After reading Dave's wicked guide on machine polishing (DA) and reading through reviews on the Kestrel DAS-6 I going to buy one 

My questions is what pad/polish combination would people recommend for Seat Toledo (Pictured below not the best pic I know, is basically a Leon Mk1 saloon) with some minor correction required as I see some of the retailers on here have 'kits' available also. I'm also that aware that silver doesnt get the best results like say black


----------



## devonutopia (May 29, 2006)

I went for the £150 package from cleanyourcar which is basically DAS6 with Sonus pads x 3 and Menzerna polishes x 3.


----------



## Style (Dec 24, 2008)

Yeah have seen a few combo kits and is not a bad deal just wondered if there is anything more tailored to the car's paint, the fact to i'm new so prob not a good idea that have anything too heavy. theres a lot of really experienced people on here and would greatly appreciate any additional advice


----------



## eddiel34 (Mar 22, 2008)

http://www.cleanyourcar.co.uk/polis...polisher-sonus-and-menzerna-kit/prod_525.html

I went for this package, by all accounts it seems to come out as the preferred combo for the VAG paint.

You will still have to get some extra pads and spot pads with a smaller backing plate, but these can be collected as you go along.

This also fools your mind into thinking you aren't spending as much:thumb:


----------



## HC1001 (May 27, 2007)

LCC Pads are great and Menz polishes work well on my Fab (Same paint & colour)


----------



## Style (Dec 24, 2008)

At the moment I think that I'm going to opt for the DAS-6 option 2 deal that autobrite are doing at moment with the meguiars combo. 
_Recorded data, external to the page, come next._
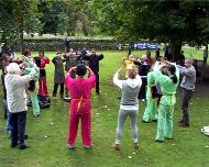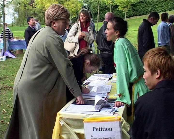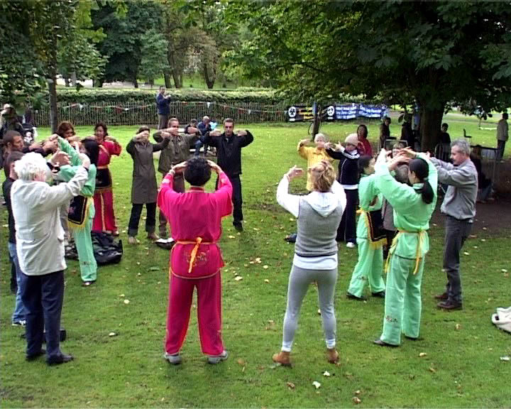 【明慧网2003年10月3日】9月29日是精神援助组织在哥拉斯哥举办的和平节表演的最后一天。虽然天气时雨时晴,我们的功法演示和扇子舞表演仍然吸引了很多人。演出结束后,我们在旁边的草坪上就地义务教功,很多人加入了学功的行列。
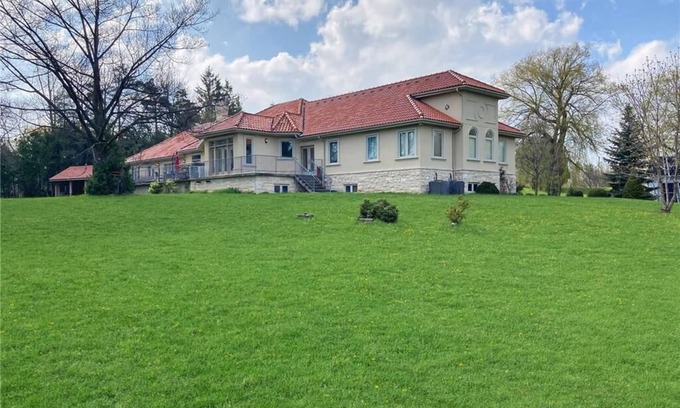 Escape to your personal resort in Terra Cotta! This stunning 11-acre retreat features a spring-fed private lake, a sparkling pool, and a state-of-the-art outdoor grill. The Spanish-style raised ranch home with terra cotta roof tiles offers an inviting open-concept design, warm stone fireplace, and elegant walnut hardwood floors. Multiple walkouts lead to a spacious deck with serene lake views. Just 10 minutes from downtown Georgetown and 30 minutes to YYZ, it's your perfect luxury getaway.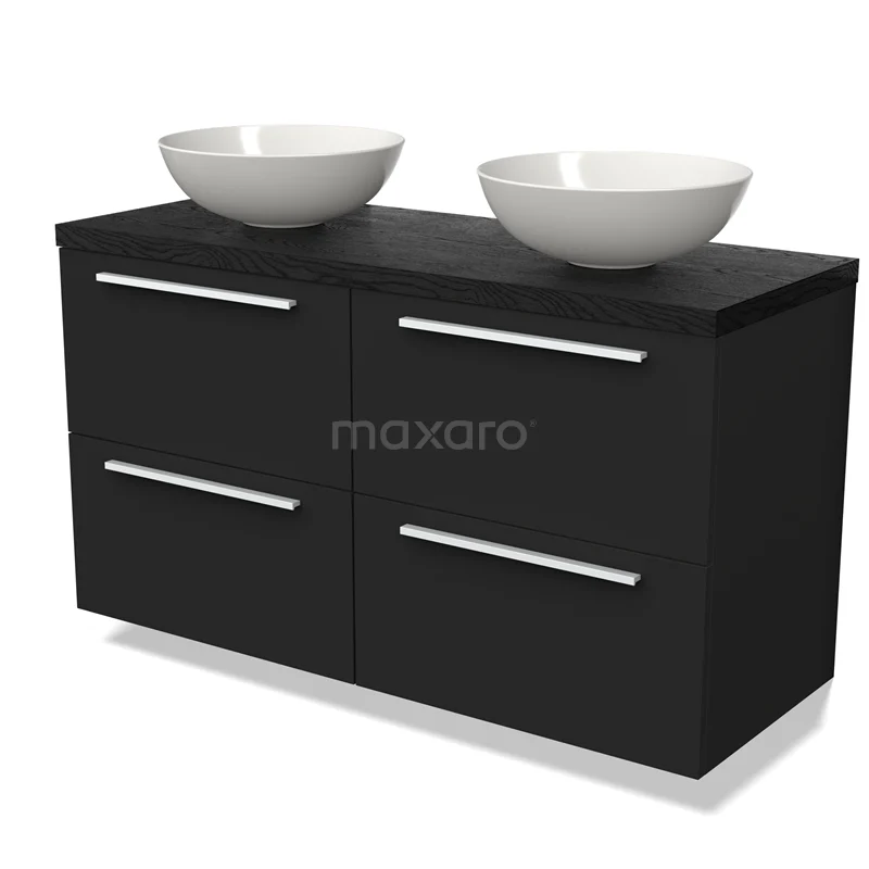 Modulo Plato Vanity units for countertop basin | 120 cm Matte black Flat front Black oak worktop 4 drawers

Also realise will need to buy more pads whatever option I go with and notice there is quite a variety in pricing does the quality vary with this as well some of this detailing equipment is over priced!


----------



## -Kev- (Oct 30, 2007)

Style said:


> At the moment I think that I'm going to opt for the DAS-6 option 2 deal that autobrite are doing at moment with the meguiars combo.
> 
> Also realise will need to buy more pads whatever option I go with and notice there is quite a variety in pricing does the quality vary with this as well some of this detailing equipment is over priced!
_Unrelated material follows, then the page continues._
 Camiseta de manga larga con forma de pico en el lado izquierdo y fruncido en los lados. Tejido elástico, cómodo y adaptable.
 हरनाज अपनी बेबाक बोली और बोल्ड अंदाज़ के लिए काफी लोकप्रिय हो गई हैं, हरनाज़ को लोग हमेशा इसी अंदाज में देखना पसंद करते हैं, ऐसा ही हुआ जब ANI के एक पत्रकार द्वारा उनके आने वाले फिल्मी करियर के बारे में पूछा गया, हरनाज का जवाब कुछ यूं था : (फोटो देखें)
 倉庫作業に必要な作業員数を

depends what you consider expensive - some peeople pay £££ for wax that offers nothing more over a £20 wax for example. pads don't really vary in quality AFAIK


----------



## Style (Dec 24, 2008)

Yeah thought as much will just have to try them out but will start with this kit first as tbh have heard about the products more but do feel that meguiar take the **** on the pricing of pads.


----------



## GSVHammer (Feb 7, 2009)

I bought the same kit as Devonutopia and Eddiel34 did. I also got and extra finishing pad, buffing bonnets and the sonus 4" pads. Bought some glaze, seal and wax as well. Looking forward to giving it a go.


----------



## Browny_37 (Apr 21, 2009)

Style said:


> At the moment I think that I'm going to opt for the DAS-6 option 2 deal that autobrite are doing at moment with the meguiars combo.
> 
> Also realise will need to buy more pads whatever option I go with and notice there is quite a variety in pricing does the quality vary with this as well some of this detailing equipment is over priced!
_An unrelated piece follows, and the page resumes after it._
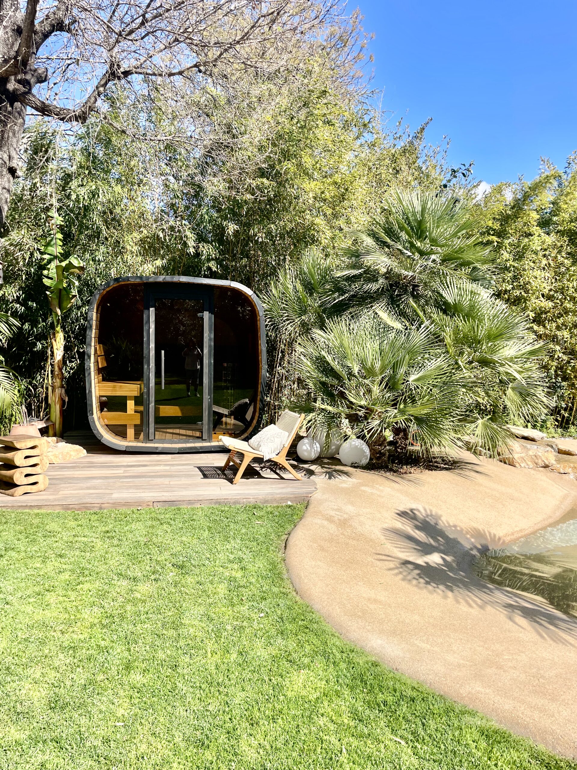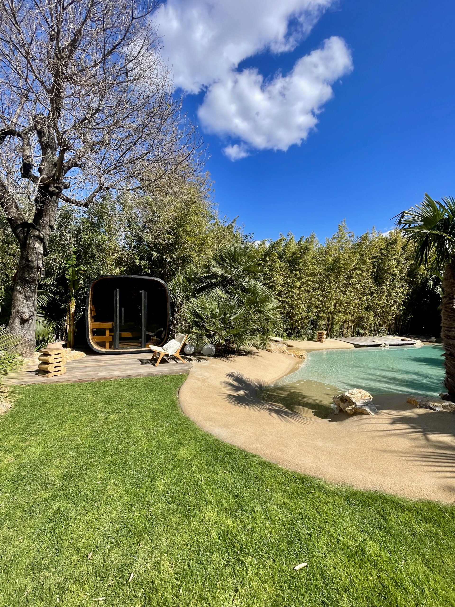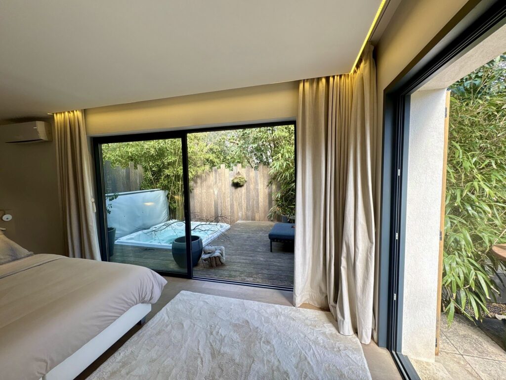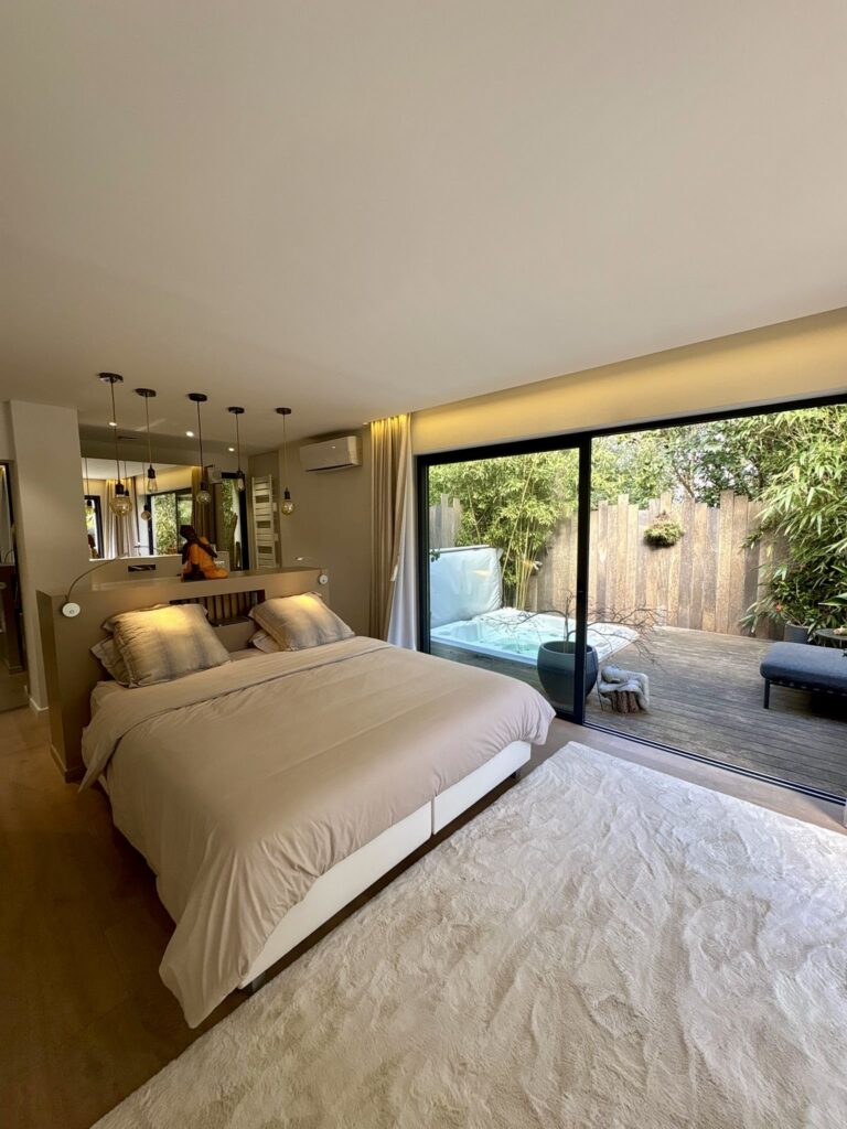 À l’extérieur, laissez-vous séduire par une somptueuse piscine lagon bordée de terrasses ensoleillées, tandis que le jacuzzi invite à la détente absolue. Un sauna privé complète cet espace bien-être pour une expérience digne d’un hôtel de luxe, au cœur d’un environnement calme et naturel.

I've bought option 2, along with 6 off 4" pads (2 of each). Only used the autobrite pads so far, but achieved some nice results


----------



## Leopold (Jun 27, 2007)

eddiel34 said:


> http://www.cleanyourcar.co.uk/polis...polisher-sonus-and-menzerna-kit/prod_525.html


This kit seems like a great buy, which i am really considering buying. But i have been told that meguiars polishes are better, and cheaper. But whats all of your opinions on this matter do i go for a Meguiars Kit or Mezerna Kit? Which kit gives the best results overall?


----------



## eddiel34 (Mar 22, 2008)

I'm sorry but I can't really help with a comparison as I have only tried the menzerna. It is for use on my own car and I don't really do other peoples.

Before I chose it I contacted a few people first and I found Polished Bliss and CYC to be very open and honest in their replys.

Menzerna came out top from most people I spoke to with regards to VAG paints and I must say I have no complaints.

Don't want to speak out of turn but I think if you speak to CYC especially they will be happy to alter their kit and you will be able to mix compare the polishes you chose.

hope this helps a little.


----------



## yetizone (Jun 25, 2008)

You could buy the DAS6 on its own and then buy the pads and polish as you go along? Take a look at the new Chemical Guys Hexi-Logic pads...

http://www.detailingworld.co.uk/forum/showthread.php?t=128660

http://www.carwashnwax.com/

I used them for the first time last weekend and was really pleased with them, the 5.5" size was just the right size for fir my DAS6 DA. :thumb:

http://www.detailingworld.co.uk/forum/showthread.php?t=137186

Polish wise, I've only used Menzerna which I think is very good, Zaino ZPC Fusion and also Meguiars #105 (cutting) and Meguiars #205 (finishing). I think I would go for the Hexi pads and a basic Menzerna 250ml bottle size polish starter kit.

http://www.cleanyourcar.co.uk/polis...50ml/menzerna-250ml-sampler-kit/prod_220.html

HTH :thumb:


----------



## eddiel34 (Mar 22, 2008)

yetizone said:


> Take a look at the new Chemical Guys Hexi-Logic pads...


I like these pads too. They should also make your polish last longer as they are thinner than usual and designed to keep the polish on the surface and not absorb as much. Very easy to care for too.


----------